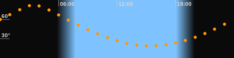 | Höchster Stand (Kulmination) | 03:27 Uhr (h = 82,5°) |
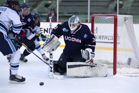BOSTON, Mass. - The UConn men's hockey team fired 31 shots on Maine Rob McGovern and the sophomore goaltender stopped every one as the Huskies were shutout 4-0 Saturday afternoon at the 2017 Capitol One Frozen Fenway at Boston's historic Fenway Park.
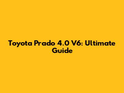 Toyota Prado 4.0 V6: Ultimate Guide
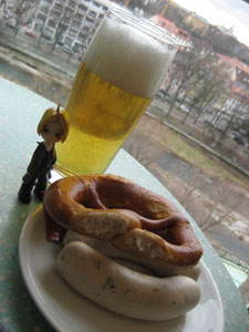 右:おなじみ博物館内カフェ。…って言いながらビールと白ソーセージ。
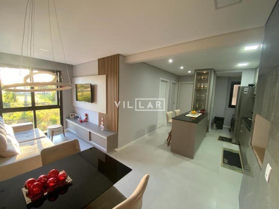 Apartamento mobiliado com móveis planejados. Com 02 dormitórios, banheiro social, área de serviço, cozinha americana com churrasqueira, estar e jantar e vaga de garagem.
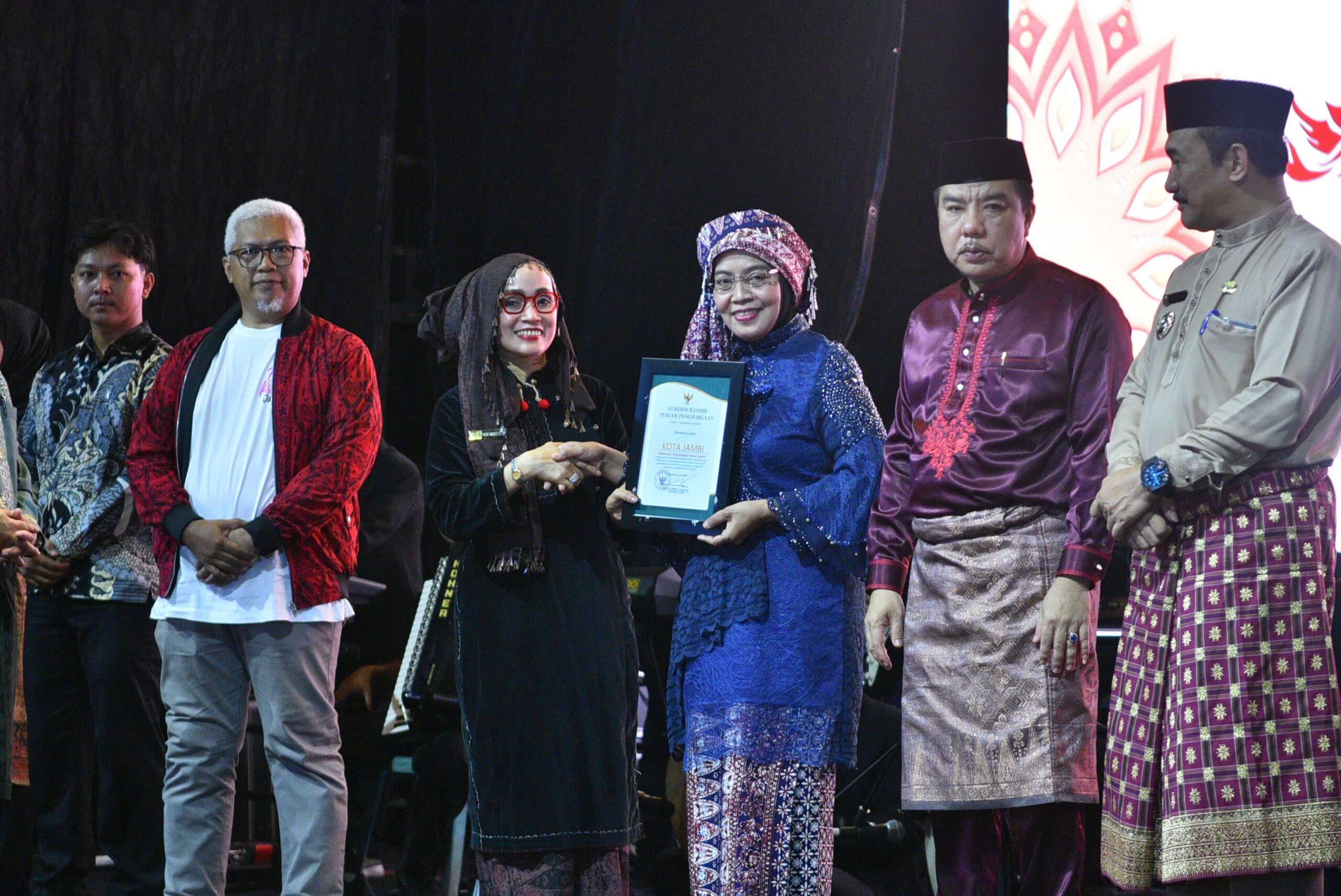 Pada acara pembukaan yang berlangsung meriah itu, juga diberikan apresiasi bagi penggiat seni budaya dan pariwisata termasuk pemerintah daerah dalam provinsi Jambi. Pemerintah kota Jambi menjadi salah satu penerima penghargaan yaitu sebagai pemerintah daerah di provinsi Jambi dengan kunjungan wisatawan terbanyak.
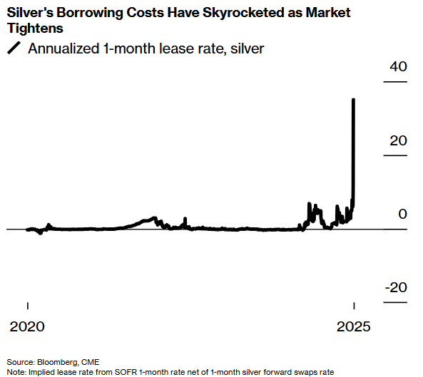 伦敦基准银价显著高于纽约市场,两者价差已飙升至近乎前所未有的水平。交易员们描述称,市场流动性已几乎完全枯竭,使得任何现货白银空头都难以获得实物白银,并被迫支付高昂的借贷成本以将其头寸展期。

+===+

→ Work task: Without copying any picture, write out the entries exactly.

→ Solution to this exercise:
 | Höchster Stand (Kulmination) | 03:27 Uhr (h = 82,5°) |
BOSTON, Mass. - The UConn men's hockey team fired 31 shots on Maine Rob McGovern and the sophomore goaltender stopped every one as the Huskies were shutout 4-0 Saturday afternoon at the 2017 Capitol One Frozen Fenway at Boston's historic Fenway Park.
 Toyota Prado 4.0 V6: Ultimate Guide
 右:おなじみ博物館内カフェ。…って言いながらビールと白ソーセージ。
 Apartamento mobiliado com móveis planejados. Com 02 dormitórios, banheiro social, área de serviço, cozinha americana com churrasqueira, estar e jantar e vaga de garagem.
 Pada acara pembukaan yang berlangsung meriah itu, juga diberikan apresiasi bagi penggiat seni budaya dan pariwisata termasuk pemerintah daerah dalam provinsi Jambi. Pemerintah kota Jambi menjadi salah satu penerima penghargaan yaitu sebagai pemerintah daerah di provinsi Jambi dengan kunjungan wisatawan terbanyak.
 伦敦基准银价显著高于纽约市场,两者价差已飙升至近乎前所未有的水平。交易员们描述称,市场流动性已几乎完全枯竭,使得任何现货白银空头都难以获得实物白银,并被迫支付高昂的借贷成本以将其头寸展期。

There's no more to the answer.